In other words, as far as NIAID was concerned, there was no meaningful administrative distinction between biodefence and scientific research. With the stroke of Cheney’s pen, all United States biodefence efforts, classified or unclassified, were placed under the aegis of Anthony Fauci. So important was this new command structure that a representative from the office of Scooter Libby, Cheney’s powerful chief of staff, was physically placed in NIAID headquarters in Washington during the transition to function as “a kind of political commissar” from the vice president’s office. This gave Fauci unparalleled access to not just Cheney, but President Bush, to whom he had an open channel.

Fauci now had a virtual carte blanche to not merely approve but design and run the kind of research projects he sought — and could do so with no oversight structure above him. Biodefence projects that formerly would have fallen under the authority of military or intelligence agencies were now under his direct supervision.

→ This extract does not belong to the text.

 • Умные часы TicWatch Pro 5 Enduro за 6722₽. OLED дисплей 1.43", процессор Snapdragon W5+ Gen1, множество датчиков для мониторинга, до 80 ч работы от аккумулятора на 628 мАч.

It’s this that explains one of the most bewildering irregularities surrounding Anthony Fauci: his compensation. As widely reported, Fauci is the highest paid member of the federal government, out-earning the President, four-star generals, senators, and Super Court Justices. His salary roughly doubled that of his own (nominal) boss, until recently, NIH director Francis Collins. Fauci’s giant pay packet can be traced back to 2004, the year after NIAID was made the country’s top biodefence authority agency. According to a report by Forbes, that year NIH deputy director Raynard S. Kingston wrote a formal memo to the agency’s director, Elias Zerhouni “to request that the current retention allowance [amount redacted] for Dr. Anthony S. Fauci be converted… in order to appropriately compensate him for the level of his responsibly in his current position of Director, National Institute of Allergy and Infectious Diseases (NIAID), National Institutes of Health (NIH), especially as it relates to his work on biodefence research activities.”

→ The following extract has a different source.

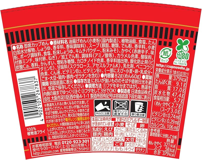 Each serving of Cup Noodles Spicy Flavor contains approximately 379 calories, along with a balanced mix of nutrients: 9.1g of protein, 17g of fats, and 47.4g of carbohydrates. Essential vitamins including B1 and B2 are also present, supporting your energy levels and overall health. Whether you’re seeking a quick meal after a workout or a filling snack, this cup of noodles delivers both taste and nutrition.

This salary jump was only a by-product of the radical restructuring of America’s biodefence apparatus. The much more significant outcome was that Fauci was essentially placed at the top of a new chain of command over which he gained nearly total decision-making ability. He went from being the director of one the NIH’s constituent 27 institutes to being the only one who really mattered.

But it was Fauci’s ability to span the divide between science and politics, to “play ball”, that made him essential to the political echelon. The rapid increase in biodefence funding in the post-9/11 world, and the mushrooming of agencies and departments involved in the endeavour, would inevitably draw critics. One was, and still is, Richard Ebright, a major figure in the world of epidemiology who serves as chair of the Board of Governors and is a Professor of Chemistry and Chemical Biology at Rutgers University.

“This well-intentioned response may perversely have exactly the opposite effect,” Ebright told the Los Angeles Times in 2003, implying that the burgeoning field of biodefence research could lead to leaks, failures, and even a bioweapons arms race. But, by then, the Bush administration had hired a man credible enough to respond to, and, in many ways, outshine the critics. “It’s going to be a challenge,” Fauci told the Times, dismissing Ebright’s concern as “spurious”. “But I have every confidence that the biomedical research community will adapt well to the change.”

Almost two decades later, as he heads towards retirement, his confidence seems misplaced. Perhaps in this we have another crucial lesson from the pandemic: that Marvel-like heroes, with all their fabulous abilities, are no replacement for the facts.